Teater Nadirah Tampil di SIPFest 2026, Kolaborasi dari 3 Negara

Tia Agnes Astuti
|
detikPop
Salihara International Performing-arts Festival (SIPFest) 2026
Foto: Witjak Widhi Cahya P/ Komunitas Salihara
Jakarta - Sukses dipentaskan di Singapura, Kuala Lumpur, dan Tokyo, pertunjukan teater Nadirah segera unjuk gigi di Salihara International Performing-arts Festival (SIPFest) 2026. Festival seni pertunjukan dua tahunan itu bakal berlangsung sepanjang bulan Agustus nih, detikers.

Teater Nadirah jadi kolaborasi tiga negara yang mempertemukan naskah karya Alfian Sa'at (Singapura), sutradara Iedil Dzuhrie Alaudin (Malaysia), dan para aktor alumni Kelas Akting Salihara yang tergabung dalam AKSARA.

Direktur SIPFest, Ening Nurjanah, mengatakan karya Nadirah jadi pertunjukan terpenting dalam SIPFest.

"Karya Nadirah yang telah dimainkan di negeri asalnya Singapura, adalah karya yang sangat kuat hubungannya dengan budaya Indonesia. Untuk itu kami akan menampilkan karya ini dengan pemain-pemain dari Indonesia. Kolaborasi tiga negara ini adalah yang pertama kami lakukan," katanya saat jumpa pers di Komunitas Salihara, belum lama ini.
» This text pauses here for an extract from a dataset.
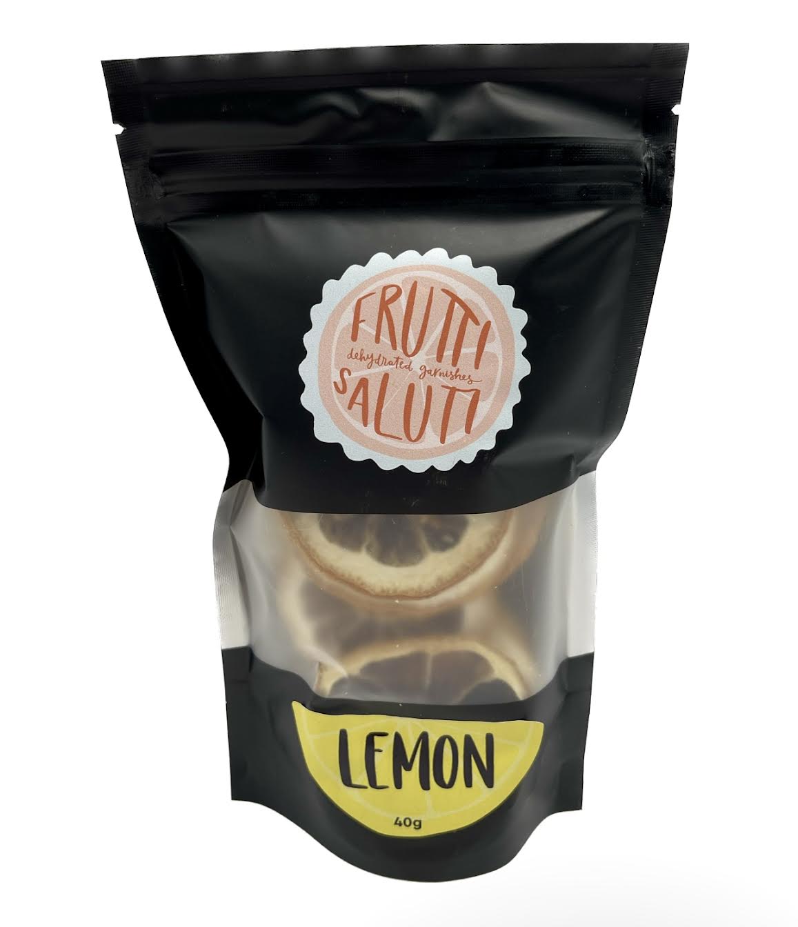 Frutti Saluti Dried Lemon Cocktail Garnishes. Australian dried lemon wheels add a burst of taste to any beverage. No preservatives, flavours, or colours added. Perfect for a G&T, Lemon Drop, or tangy Tom Collins. Vegan-friendly and gluten-free.

Sutradara Iedil Dzuhrie mengatakan Nadirah yang dipentaskan di Jakarta adalah versi keempatnya. Setelah 10 tahun, naskah ini bakal dihidupkan oleh para pemain alumni kelas akting Salihara.

"Buat saya ini naskah personal, karena saya sudah terlibat dari tahun 2012 saat ikut dramatic reading dan berperan di Tokyo, sekarang sebagai sutradara di Jakarta," ungkapnya.

Pentas Nadirah menceritakan tentang mahasiswi aktif di kelompok Islam dan ibunya Zahirah yang seorang mualaf menghadapi konflik saat seseorang yang beda agama masuk ke dalam kehidupan mereka.

Menurut Iedil, isu agama ini terbilang sensitif di kawasan Asia. Di Singapura, lanskap Melayu Islam itu menjadi minoritas dan berbeda dengan Indonesia yang mayoritas.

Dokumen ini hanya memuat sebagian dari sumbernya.